# Exercise objective
When you reach the line with "Bộ lọc giúp" in the data below, begin printing lines exactly, and stop once the line with "Добавит в ваш" has been printed.

# Records for this exercise
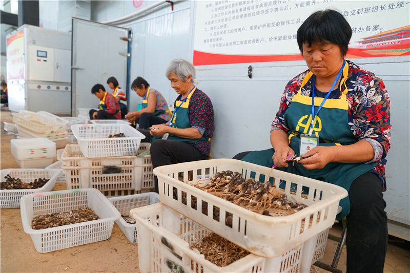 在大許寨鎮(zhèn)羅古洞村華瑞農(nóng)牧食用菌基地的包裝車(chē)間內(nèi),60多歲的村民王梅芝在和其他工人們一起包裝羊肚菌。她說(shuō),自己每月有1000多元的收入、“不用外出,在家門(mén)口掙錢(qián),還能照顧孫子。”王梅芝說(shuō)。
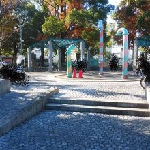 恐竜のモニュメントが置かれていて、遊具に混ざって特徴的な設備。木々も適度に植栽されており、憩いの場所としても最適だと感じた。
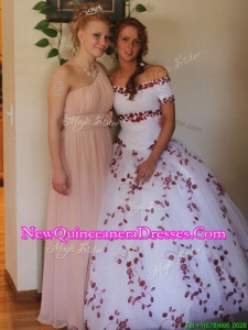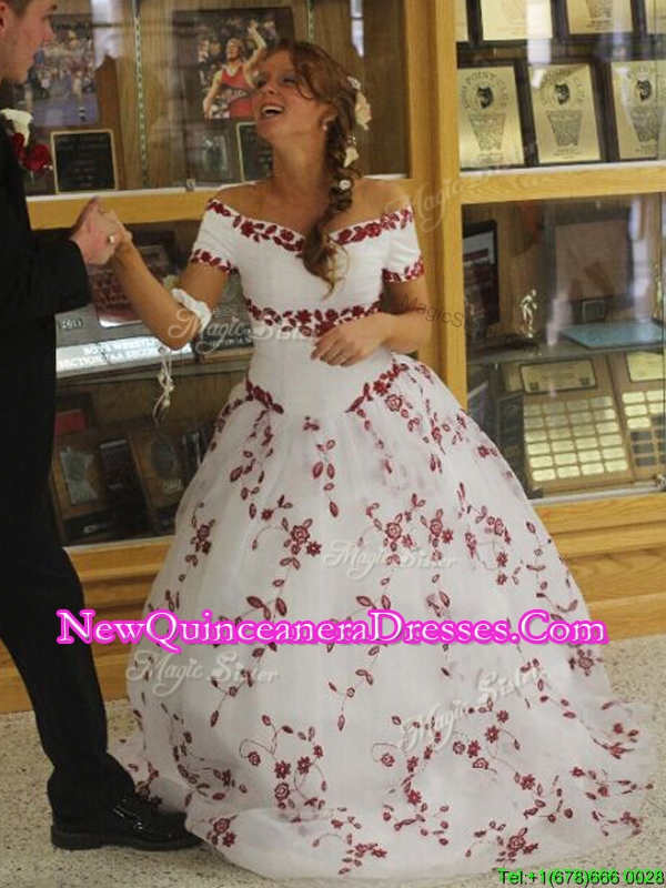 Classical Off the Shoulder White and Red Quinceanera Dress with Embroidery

---

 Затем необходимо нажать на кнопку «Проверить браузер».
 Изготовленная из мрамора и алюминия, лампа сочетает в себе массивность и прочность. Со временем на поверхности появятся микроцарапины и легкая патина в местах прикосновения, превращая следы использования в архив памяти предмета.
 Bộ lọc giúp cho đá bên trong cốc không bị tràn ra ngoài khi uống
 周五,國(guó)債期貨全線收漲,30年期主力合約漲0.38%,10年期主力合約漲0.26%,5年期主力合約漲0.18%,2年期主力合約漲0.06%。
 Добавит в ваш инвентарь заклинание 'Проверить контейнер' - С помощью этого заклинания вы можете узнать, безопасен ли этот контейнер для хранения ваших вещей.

--

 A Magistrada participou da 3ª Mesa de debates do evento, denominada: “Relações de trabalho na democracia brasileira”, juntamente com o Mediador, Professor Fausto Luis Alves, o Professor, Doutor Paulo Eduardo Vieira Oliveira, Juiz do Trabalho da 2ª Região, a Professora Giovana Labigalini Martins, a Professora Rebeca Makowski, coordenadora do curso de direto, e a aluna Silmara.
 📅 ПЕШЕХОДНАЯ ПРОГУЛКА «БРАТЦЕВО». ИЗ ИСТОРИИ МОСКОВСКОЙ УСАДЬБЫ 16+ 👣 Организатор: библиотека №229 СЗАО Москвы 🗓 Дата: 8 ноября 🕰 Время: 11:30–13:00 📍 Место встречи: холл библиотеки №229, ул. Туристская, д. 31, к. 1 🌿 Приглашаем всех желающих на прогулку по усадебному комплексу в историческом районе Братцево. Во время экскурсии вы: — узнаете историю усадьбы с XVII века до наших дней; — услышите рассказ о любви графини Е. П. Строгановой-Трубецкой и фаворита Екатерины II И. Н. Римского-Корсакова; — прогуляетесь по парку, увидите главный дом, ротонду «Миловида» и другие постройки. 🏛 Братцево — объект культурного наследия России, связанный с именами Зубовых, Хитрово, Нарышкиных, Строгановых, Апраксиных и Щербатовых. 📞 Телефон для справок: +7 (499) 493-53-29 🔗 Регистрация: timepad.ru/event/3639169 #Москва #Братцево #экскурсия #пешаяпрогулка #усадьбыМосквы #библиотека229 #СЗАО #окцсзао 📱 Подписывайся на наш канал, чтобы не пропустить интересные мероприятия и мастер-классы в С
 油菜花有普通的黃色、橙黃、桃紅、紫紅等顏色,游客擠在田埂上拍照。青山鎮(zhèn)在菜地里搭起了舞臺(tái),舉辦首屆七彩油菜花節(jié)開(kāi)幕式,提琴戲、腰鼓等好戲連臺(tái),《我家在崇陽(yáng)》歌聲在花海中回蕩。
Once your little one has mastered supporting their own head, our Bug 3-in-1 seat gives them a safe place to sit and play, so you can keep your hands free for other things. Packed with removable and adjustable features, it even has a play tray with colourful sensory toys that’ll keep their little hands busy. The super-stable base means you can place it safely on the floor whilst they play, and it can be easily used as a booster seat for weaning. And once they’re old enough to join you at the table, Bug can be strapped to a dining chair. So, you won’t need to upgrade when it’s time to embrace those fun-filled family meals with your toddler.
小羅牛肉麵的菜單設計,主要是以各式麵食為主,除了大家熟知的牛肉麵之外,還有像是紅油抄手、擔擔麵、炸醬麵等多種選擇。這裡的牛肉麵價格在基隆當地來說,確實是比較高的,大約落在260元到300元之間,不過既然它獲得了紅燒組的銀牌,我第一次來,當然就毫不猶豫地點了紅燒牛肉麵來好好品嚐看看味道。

# Expected answer
 Bộ lọc giúp cho đá bên trong cốc không bị tràn ra ngoài khi uống
 周五,國(guó)債期貨全線收漲,30年期主力合約漲0.38%,10年期主力合約漲0.26%,5年期主力合約漲0.18%,2年期主力合約漲0.06%。
 Добавит в ваш инвентарь заклинание 'Проверить контейнер' - С помощью этого заклинания вы можете узнать, безопасен ли этот контейнер для хранения ваших вещей.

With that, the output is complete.